Experto: EEUU recibirá nueva ola de COVID-19, aún más fuerte

Robert Redfield, director de los Centros para el Control y la Prevención de Enfermedades (CDC), 22 de abril de 2020. (Foto: Reuters)

Advierten que una nueva ola del coronavirus que afectará a Estados Unidos en el próximo invierno podría ser “aún más difícil” para el país que el brote actual.

Existe la posibilidad de que el asalto del virus en nuestra nación en el próximo invierno, en realidad, sea aún más difícil que el que acabamos de atravesar”, advirtió el martes el director de los Centros para el Control y la Prevención de Enfermedades (CDC, por sus siglas en inglés) de EE.UU., Robert Redfield.

En este sentido, Redfield, en una entrevista con el diario estadounidense The Washington Post señaló que en el invierno el país norteamericano se enfrentará al mismo tiempo a la epidemia de gripe y el nuevo coronavirus, causante de la enfermedad COVID-19.

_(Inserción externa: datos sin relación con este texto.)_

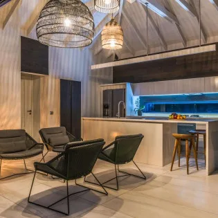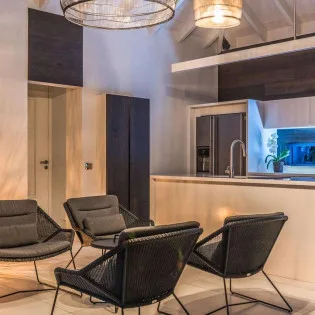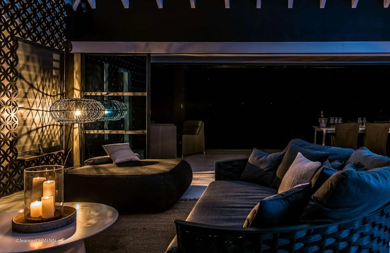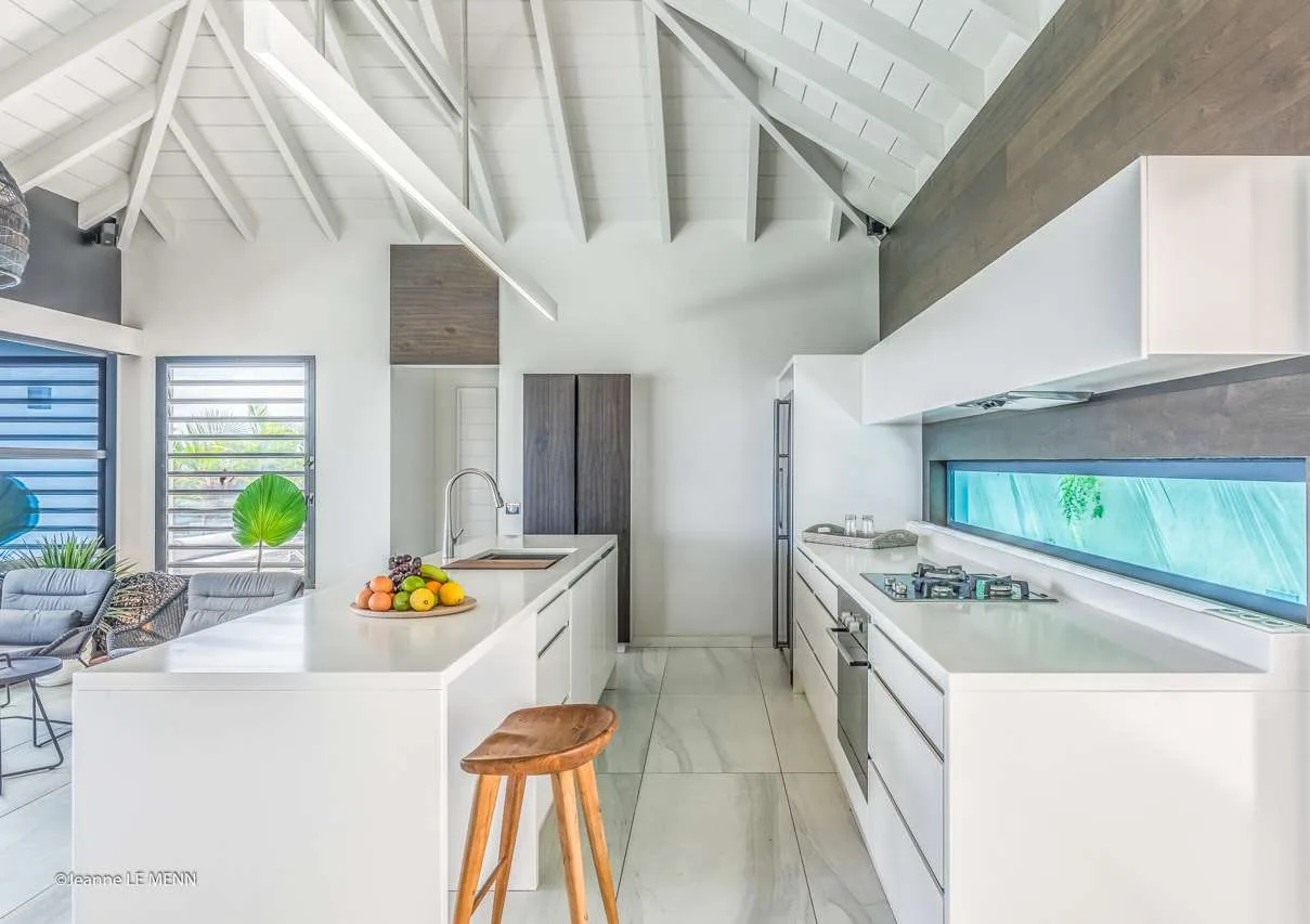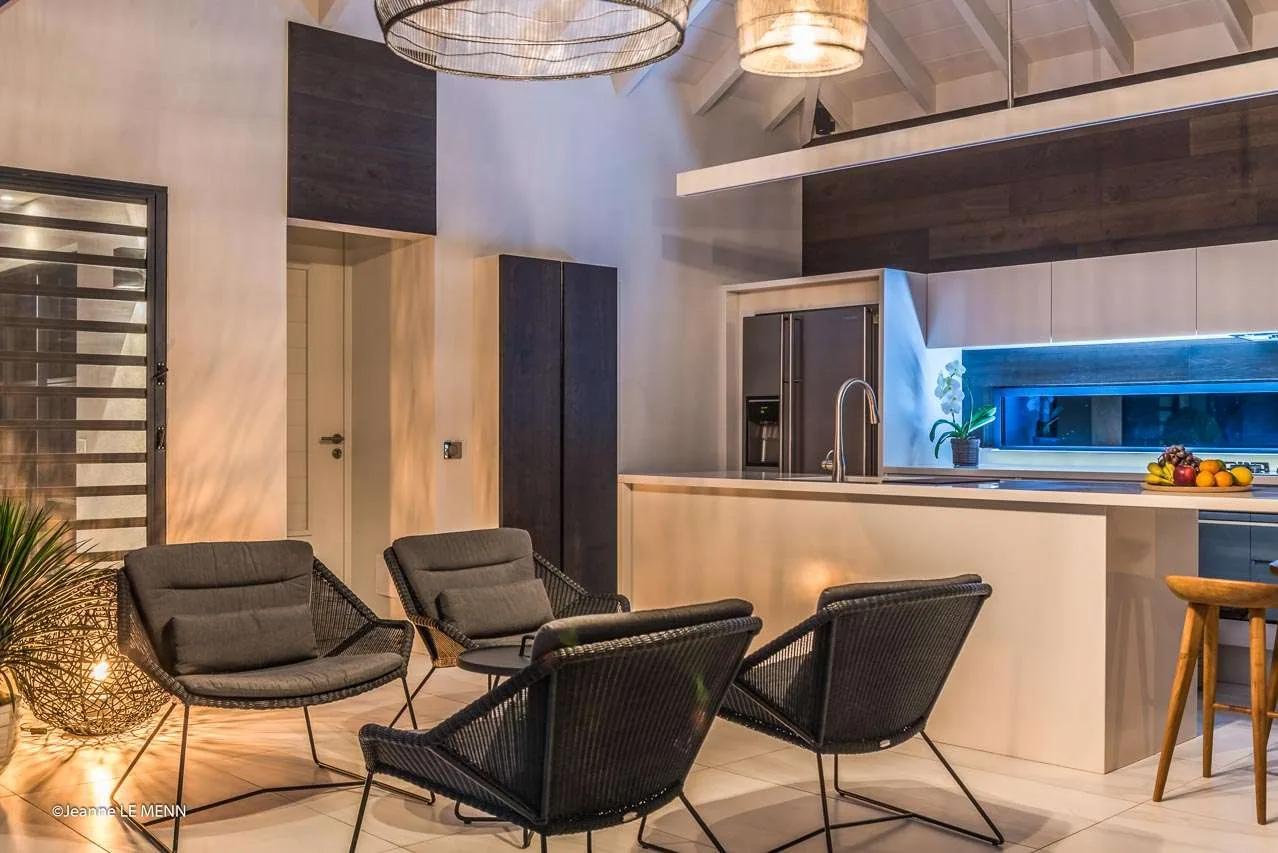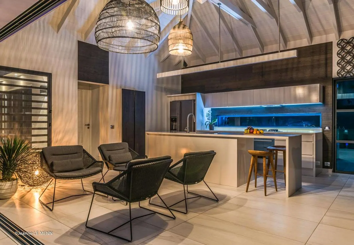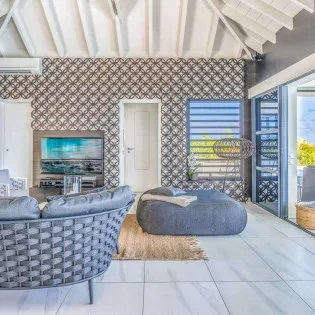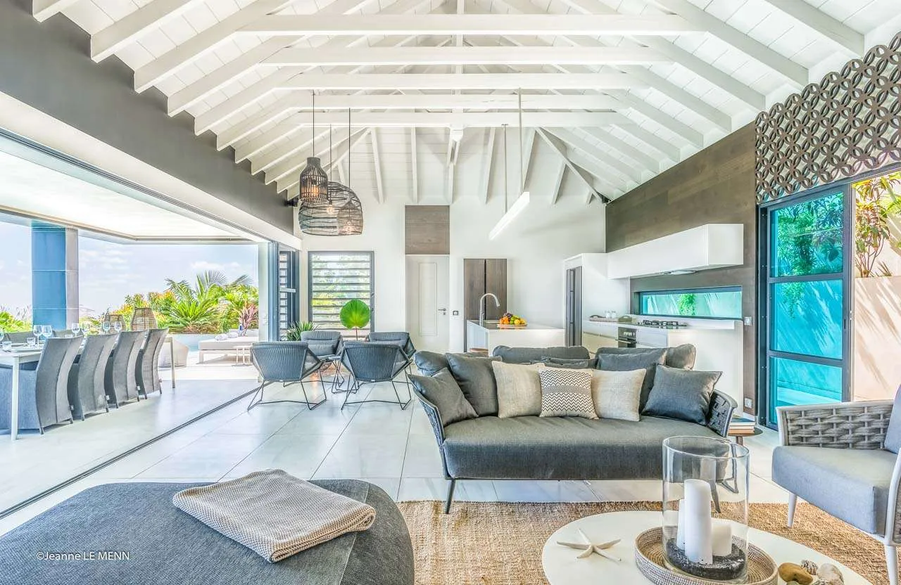 The interiors feature a contemporary mix of soothing gays, whites, and granite-black, exuding class and luxury. Geometric patterns in the décor and sleek light fixtures add a stylish and elegant island touch to the home, creating a home that enjoys the enviable St. Barts mix of playful luxury and rugged tropical beauty.

“Tener dos brotes respiratorios simultáneos pondría una tensión inimaginable en el sistema de salud”, ha dicho Redfield, agregando que las autoridades federales y estatales deben prepararse en los próximos meses para enfrentar lo que se avecina.

En otra parte de sus declaraciones, señaló que se necesita más fuerzas laborales principalmente en el sector sanitario en Estados Unidos, añadiendo que incluso los CDS necesitan 650 personas más para continuar su trabajo.

Utilizar la vacuna contra la gripe, según las palabras de Redfield, puede evitar que una persona muera por los efectos del coronavirus durante la temporada de frío y la propagación de la COVID-19, para luego aclarar que, solo el brote de la gripe, sin la COVID-19, puede presionar mucho a los hospitales y clínicas del país.

Las declaraciones de Redfield se producen mientras el presidente estadounidense, Donald Trump, ha recibido repetidas condenas por su inacción ante la rápida propagación del nuevo coronavirus en el país. De hecho, durante casi dos meses trató de minimizar los efectos de la COVID-19 e incluso mintió, asegurando que el número de casos estaba disminuyendo y que el virus iba a desaparecer “como un milagro”.

Sin embargo, varios estados del país están enfrentando una escasez de equipo médico y de protección personal, algo que ha creado una ola de críticas y rechazos por los médicos y enfermeros estadounidenses contra la gestión de su presidente ante la pandemia.

Según las últimas cifras disponibles, la COVID-19 ha dejado más de 850 mil confirmados y 47 mil muertos en el país norteamericano.